| Problem requirements |
An exact copy of every entry is needed, with no images.

[Items from a dataset]
◇ ◇ ◇ ◇ ◇

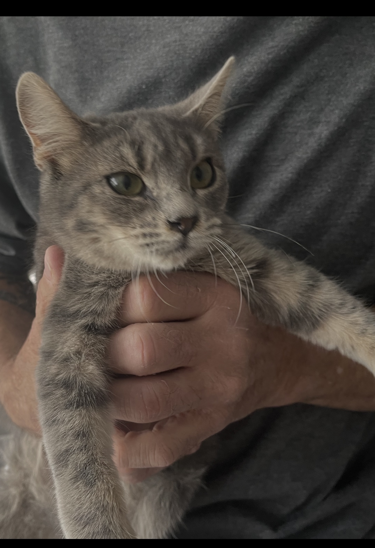 Alex is a very gentle, quiet and complacent guy. When he's picked up and held, he calmly remains still just soaking in the admiration from his person. He is quite a kitty.
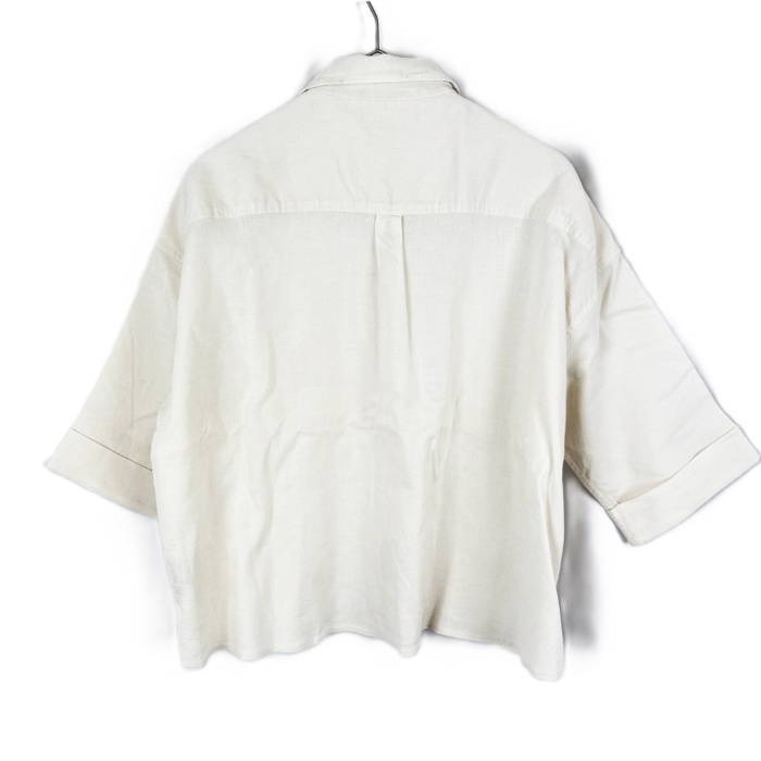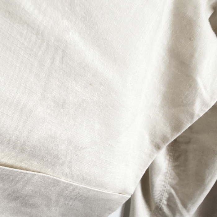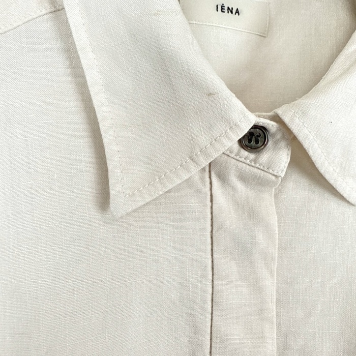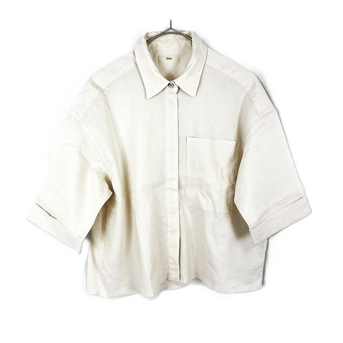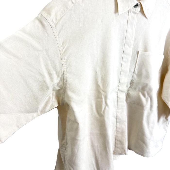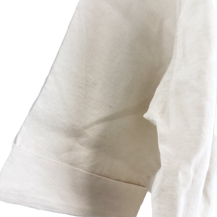 【コメント】 リネン混で涼しげな印象の半袖シャツです。ワイドシルエットで着痩せ効果。少し透け感があります。使用感はあまり感じられませんが、首元内側に汚れがあります。その他気になる所はなく全体的に綺麗なお品物です。 |
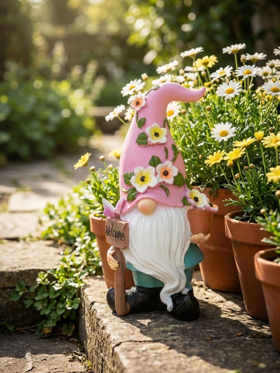 Садова декорація у формі гнома з табличкою та горщиком
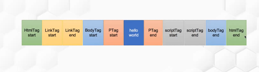 HTML字符串首先被**分词器(Tokenizer)**拆分为各种类型的Token:
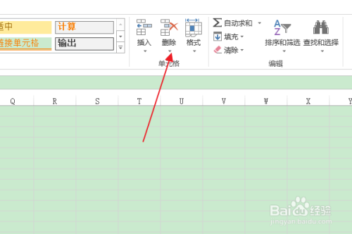 在“单位格”组中,点击“删除”下方的下拉按钮。
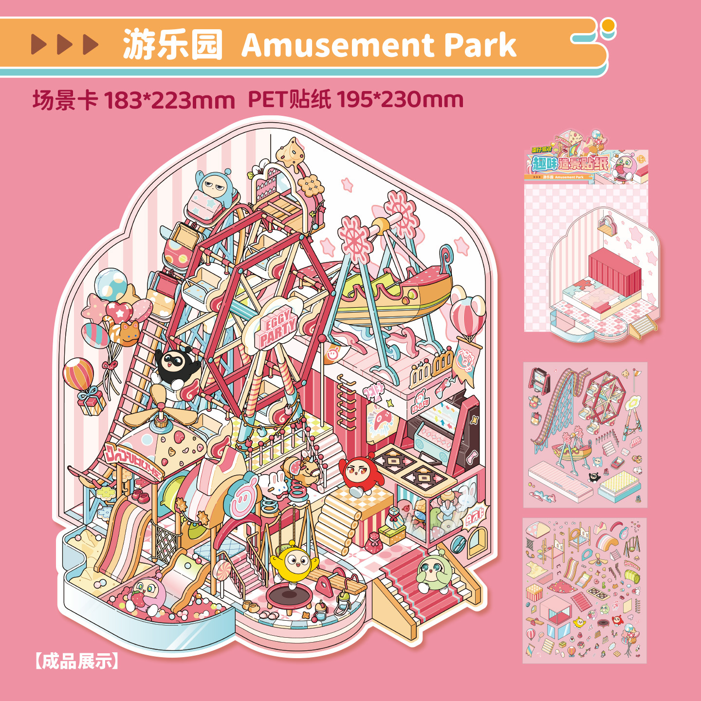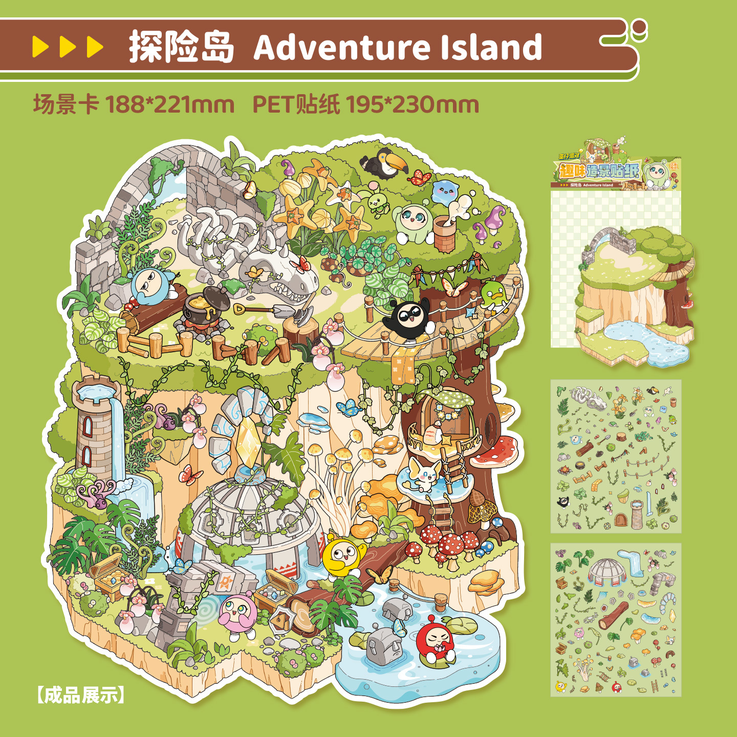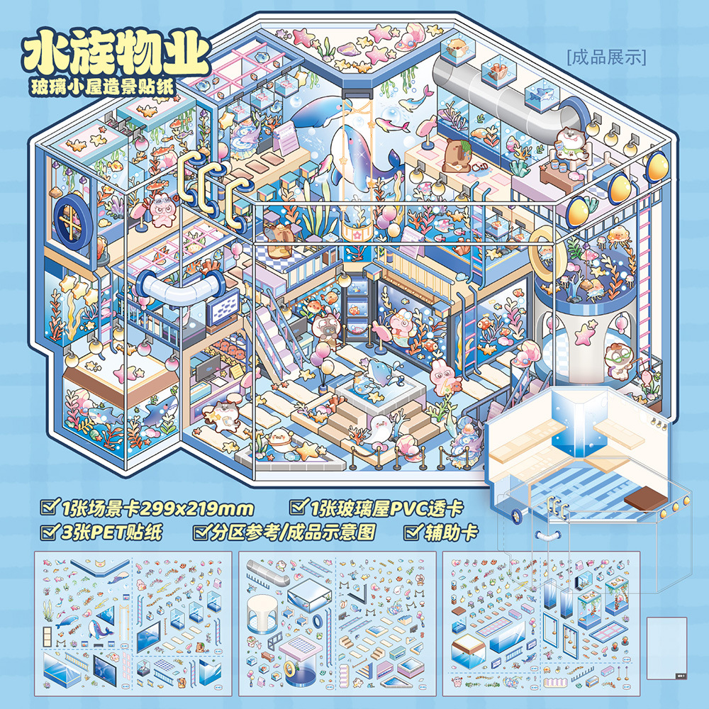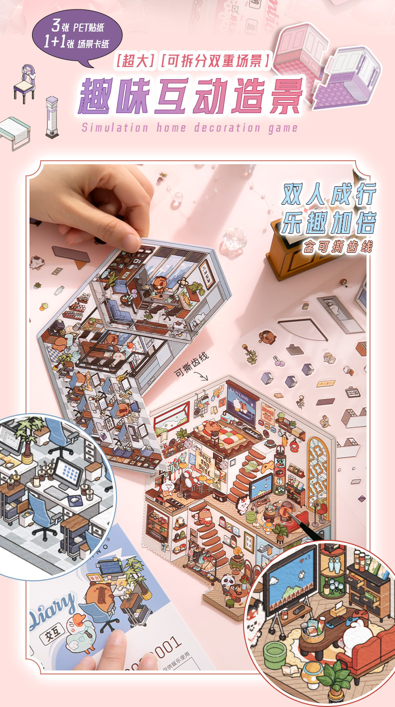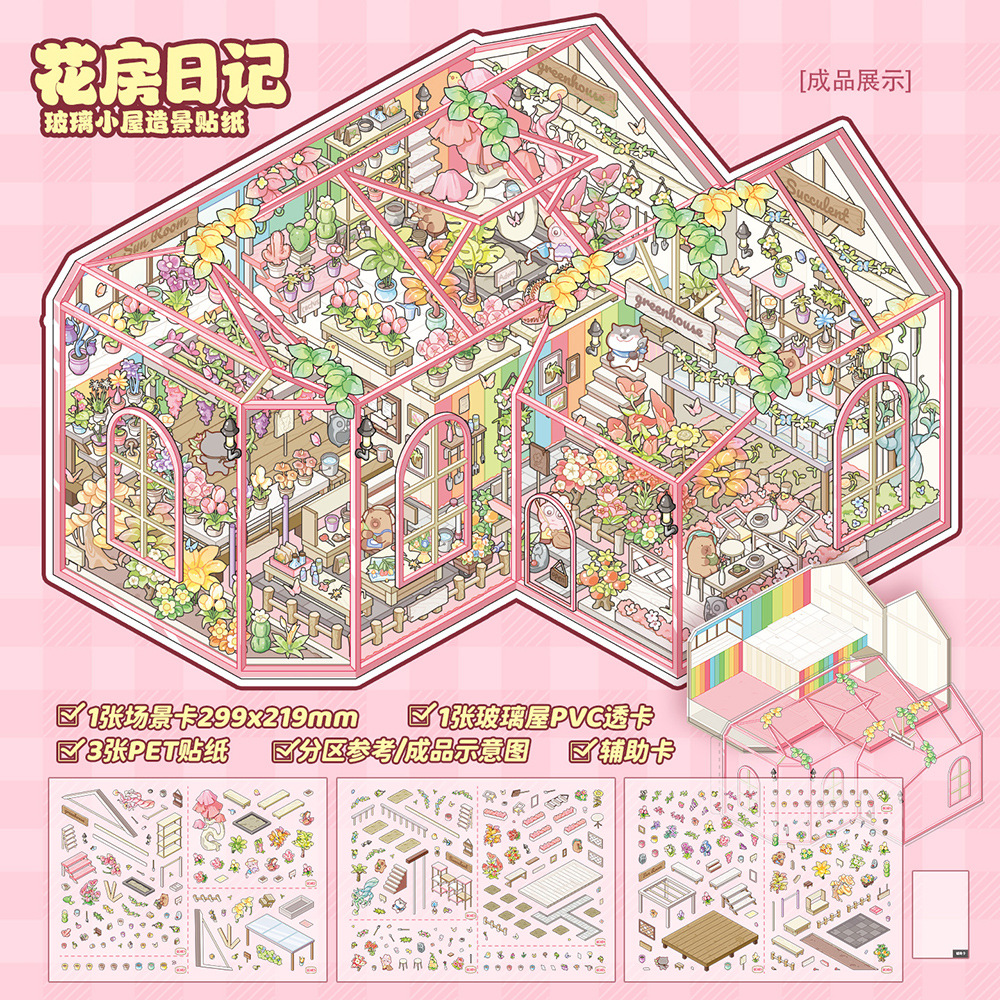 해외 인기 대형 3D 입체 인터랙티브 조경 스티커, 감압 미니어처 장면 스티커, 한국 DIY 펀 하우스

◇ ◇ ◇ ◇ ◇

| Response |
 Alex is a very gentle, quiet and complacent guy. When he's picked up and held, he calmly remains still just soaking in the admiration from his person. He is quite a kitty.
 【コメント】 リネン混で涼しげな印象の半袖シャツです。ワイドシルエットで着痩せ効果。少し透け感があります。使用感はあまり感じられませんが、首元内側に汚れがあります。その他気になる所はなく全体的に綺麗なお品物です。 |
 Садова декорація у формі гнома з табличкою та горщиком
 HTML字符串首先被**分词器(Tokenizer)**拆分为各种类型的Token:
 在“单位格”组中,点击“删除”下方的下拉按钮。
 해외 인기 대형 3D 입체 인터랙티브 조경 스티커, 감압 미니어처 장면 스티커, 한국 DIY 펀 하우스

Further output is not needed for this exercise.